When I first met Mike, he was a vicar at a CofE church in Wallington, Surrey. I was aged 18, had just finished my 'A' levels, and was on a young person's 'houseparty' organized by an Anglican youth organization, held in the lovely settings of Milton Abbey School in Dorset. Mike was one of the leaders. These houseparties were great fun; coming from the background of a boys' school, to be able to spend a week with 120 other kids half of whom were female was a wonderful opportunity, and one that I made the most of.
The following year I attended the same houseparty, this time as a 'helper' (I was now at university), and Mike introduced me to a remarkable group of young people from his own church. We got on so well that I spent a good deal of time in Wallington over the next few years, and several members of this group are still very good friends. One is my wife!

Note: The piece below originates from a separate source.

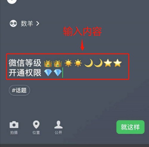 3,在编辑界面中就可以输入自己想要的文字,还有微信等级图标,这样就可以弄出来了,但是只有一天的时效。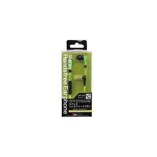 3.5φステレオハンズフリーイヤホン フラットケーブル グリーン PG-SHE05GR

In my weekend trips to Wallington I saw quite a bit of Mike. He was incredibly intelligent (one of the smartest people I've met) and insightful, yet at the same time quiet, reserved and almost self-contained. He loved truthfulness, and absolutely hated any form of control. He inspired great loyalty in his friends, but also a perplexingly intense hostility in his enemies - and, sadly, he made quite a few of these in the congregation at Wallington, which eventually led to him leaving the Anglican church to go and work on the pictures desk at the Sunday Telegraph
In 1992 I completed my PhD and moved down to Wallington, and I needed somewhere to stay. I was engaged to be married to Fiona, but the wedding date was some months away. Unexpectedly, Mike offered me a room in his flat, so from October until the following May I moved in with him. Mike was an incredibly tidy, ordered person; I was somewhere close to the opposite, but there was never a moment's tension (I kept my mess to my room). It was during this time that Mike introduced me to wine. [It wasn't enough that he'd introduced me to the group of people who were to form my closest friendships - and in this process Fiona - he also introduced me to what was to become my career.]
Each Sunday evening a few of us would gather in Mike's flat, and he'd usually have an interesting bottle or two that he'd open. His interest in wine dated back to his time at Oxford, but he wore his knowledge very lightly, and didn't have any pretensions; nonetheless, he had a cultured, eclectic palate - and in the Wine House, a local merchant run buy a guy called Morvin Rodker, there was a good source of interesting bottles for us to experiment with.
I was inspired. I fondly remember one of the wines Mike showed us - the 1991 Brokenwood Graveyard Hermitage - which was to become my first multiple bottle purchase (3 at £13 each). I also remember Gonzalez Byas Matusalem sherry, and a birthday gift of a 1987 Warres Quinta da Cavadinha. I also recall sharing a 1982 Leoville Barton with this group, which was probably my first exposure to serious Bordeaux.
Fiona and I largely lost touch with Mike when we moved from Wallington to Twickenham in the mid-1990s. He came over to see us once; I also met him for lunch in Canary Wharf on one occasion. I wish we'd seen more of him. I guess we owe him a lot.